The Coast Guard issued a letter asking the public to stop aiming at aircraft, and saying that they want to enforce South Carolina’s state law against lading aircraft. The letter is reprinted below (click the “Read More” link).

From WMBF News. This is part of continuing stories at LaserPointerSafety.com about ongoing problems at Myrtle Beach.

Text of letter released around July 31 2012 from Capt. Michael White, commander of Coast Guard Sector Charleston, and Cmdr. Gregory Fuller, commanding officer of Coast Guard Air Station Savannah.

The widespread use of green laser toys by party-goers along Myrtle Beach piers and beaches is disrupting Coast Guard rescue efforts and endangering helicopter crews. If the Coast Guard is going to continue rescue operations along Myrtle Beach shores, the reckless behavior of shining green lasers at our helicopters must stop.

Twice in the last two weeks, our Coast Guard helicopters were grounded in the middle of rescue missions when the flash of green lasers hit pilots searching for people in distress. The popular green laser toys, sold widely at beachfront shops, may seem fun or cool but create a serious hazard for our crews and force them to abandon their rescue missions.

When Coast Guard helicopters are airborne the crews are simultaneously flying the aircraft and visually searching out the windows. Once a laser hits an aircrew it can cause temporary blindness making it impossible to do both.

To ensure their safety, our aircrews affected by laser lights must land immediately and can only return to the mission after being cleared by a physician. Depending on the severity of the exposure they may be grounded, leaving a distressed or injured boater to wait for a rescue helicopter that is no longer coming to their aid.

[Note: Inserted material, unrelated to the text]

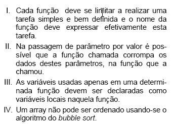Analise as seguintes afirmações relativas a Programação de Computadores.Indique a opção que contenha todas as afirmações verdadeiras.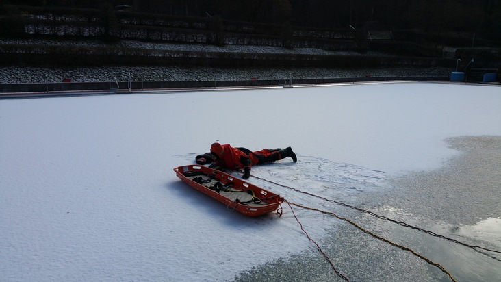 Die Kameraden der hauptamtlichen Wache nutzten am heutigen Donnerstag die Gelegenheit und übten die Eisrettung im Bürgerbad Leitmecke.

After six such laser groundings over the last 18 months, not including the two most recent incidents, we can no longer passively absorb the risks. The possibility of not saving people in distress or losing a Coast Guard aircrew is now too great. So, we are aggressively pursuing landside enforcement action and risk management policies that would limit rescue efforts until the safety of our crews can be assured.

As of February 2012 people caught shining a laser light directly at or in the path of an aircraft face up to five years in prison and an $11,000 fine. Locally, Myrtle Beach prohibits the possession of laser pointers by minors.

Our rescue crews are devoted to saving people on the sea, often at great risk to themselves. But the reckless behavior with green lasers frequently occurring along Myrtle Beach compels us to act. We need community leaders, businessmen, law enforcement officers and parents to spread the word. Stop using green laser pointers improperly so we can focus on rescuing people who need our help. A party trick or prank could one day cost the lives of an aircrew or the mariner they seek to find and rescue.